● **PROVIDED DATA**:
____

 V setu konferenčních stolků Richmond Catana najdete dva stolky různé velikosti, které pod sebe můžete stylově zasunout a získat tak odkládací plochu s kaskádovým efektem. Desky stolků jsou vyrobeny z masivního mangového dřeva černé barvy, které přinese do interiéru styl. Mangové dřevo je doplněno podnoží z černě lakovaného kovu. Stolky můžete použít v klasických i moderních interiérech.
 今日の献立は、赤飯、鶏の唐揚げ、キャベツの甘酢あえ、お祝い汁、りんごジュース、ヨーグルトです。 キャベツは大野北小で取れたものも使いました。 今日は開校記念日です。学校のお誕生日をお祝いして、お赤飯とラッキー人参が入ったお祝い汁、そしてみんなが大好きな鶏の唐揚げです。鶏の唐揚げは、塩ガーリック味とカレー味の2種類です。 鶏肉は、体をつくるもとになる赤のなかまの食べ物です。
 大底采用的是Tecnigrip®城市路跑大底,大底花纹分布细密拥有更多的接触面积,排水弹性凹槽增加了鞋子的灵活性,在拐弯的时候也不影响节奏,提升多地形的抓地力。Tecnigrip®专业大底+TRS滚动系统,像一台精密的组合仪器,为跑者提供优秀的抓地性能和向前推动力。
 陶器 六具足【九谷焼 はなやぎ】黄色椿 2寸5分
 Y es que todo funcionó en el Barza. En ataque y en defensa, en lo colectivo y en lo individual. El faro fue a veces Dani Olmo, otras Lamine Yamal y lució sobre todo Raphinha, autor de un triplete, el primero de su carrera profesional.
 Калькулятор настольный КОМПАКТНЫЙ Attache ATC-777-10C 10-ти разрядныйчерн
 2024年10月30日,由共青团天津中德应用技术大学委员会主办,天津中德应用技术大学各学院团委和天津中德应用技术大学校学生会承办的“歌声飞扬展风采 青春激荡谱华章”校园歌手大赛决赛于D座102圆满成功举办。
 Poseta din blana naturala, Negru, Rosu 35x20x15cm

____

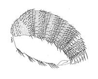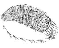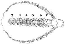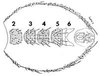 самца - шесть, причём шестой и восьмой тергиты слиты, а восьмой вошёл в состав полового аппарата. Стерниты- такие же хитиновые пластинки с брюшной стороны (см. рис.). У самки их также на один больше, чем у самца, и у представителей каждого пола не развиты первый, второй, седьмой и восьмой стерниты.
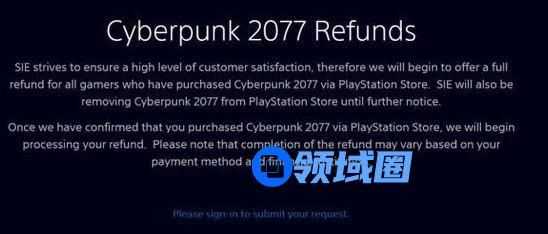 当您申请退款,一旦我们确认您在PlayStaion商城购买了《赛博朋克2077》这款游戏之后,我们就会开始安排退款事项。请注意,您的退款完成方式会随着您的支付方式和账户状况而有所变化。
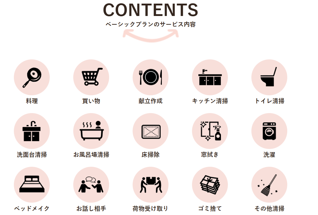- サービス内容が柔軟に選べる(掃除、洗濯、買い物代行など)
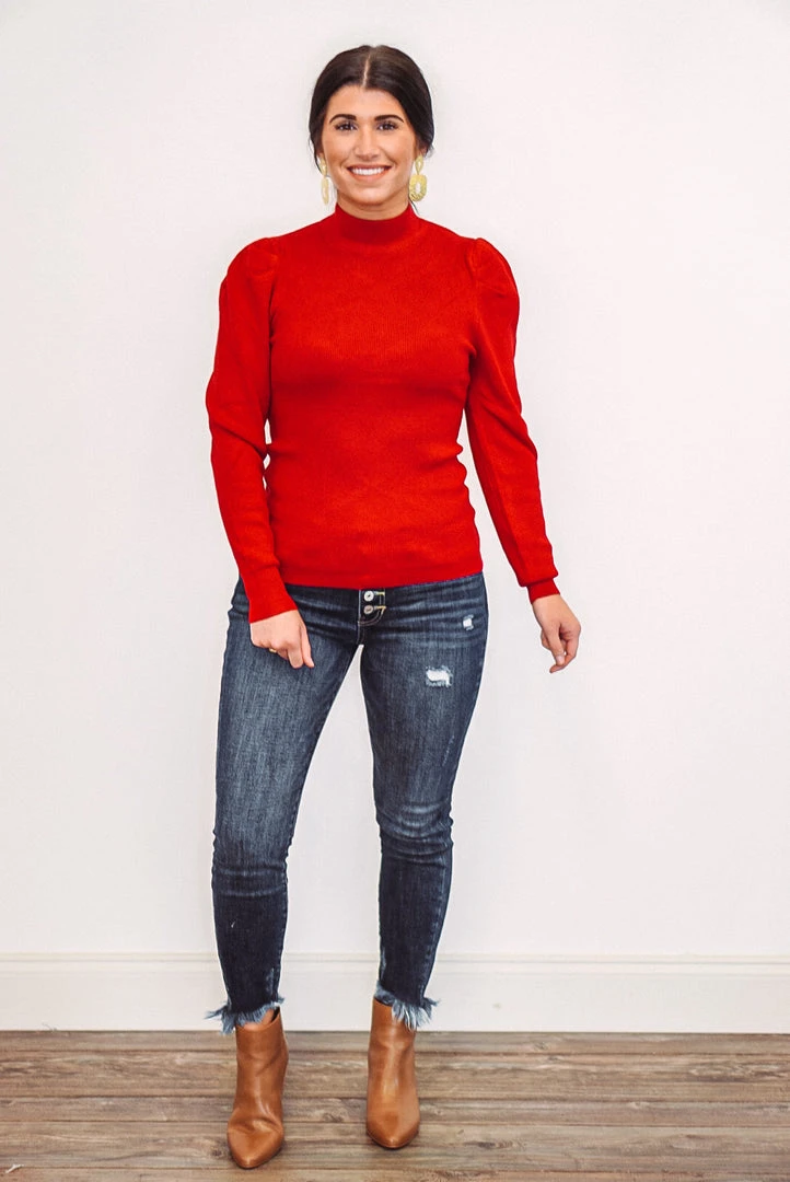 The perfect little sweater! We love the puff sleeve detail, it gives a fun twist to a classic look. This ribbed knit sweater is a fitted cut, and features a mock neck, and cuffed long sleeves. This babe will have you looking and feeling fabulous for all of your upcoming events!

____

● **EXERCISE DIRECTIONS**: One stretch of the lines above is wanted, from the line that contains "大底采用的是Tecnigri" through the line that contains "Poseta din blana". Output it exactly.

● **ANSWER TO THIS PROBLEM**:
 大底采用的是Tecnigrip®城市路跑大底,大底花纹分布细密拥有更多的接触面积,排水弹性凹槽增加了鞋子的灵活性,在拐弯的时候也不影响节奏,提升多地形的抓地力。Tecnigrip®专业大底+TRS滚动系统,像一台精密的组合仪器,为跑者提供优秀的抓地性能和向前推动力。
 陶器 六具足【九谷焼 はなやぎ】黄色椿 2寸5分
 Y es que todo funcionó en el Barza. En ataque y en defensa, en lo colectivo y en lo individual. El faro fue a veces Dani Olmo, otras Lamine Yamal y lució sobre todo Raphinha, autor de un triplete, el primero de su carrera profesional.
 Калькулятор настольный КОМПАКТНЫЙ Attache ATC-777-10C 10-ти разрядныйчерн
 2024年10月30日,由共青团天津中德应用技术大学委员会主办,天津中德应用技术大学各学院团委和天津中德应用技术大学校学生会承办的“歌声飞扬展风采 青春激荡谱华章”校园歌手大赛决赛于D座102圆满成功举办。
 Poseta din blana naturala, Negru, Rosu 35x20x15cm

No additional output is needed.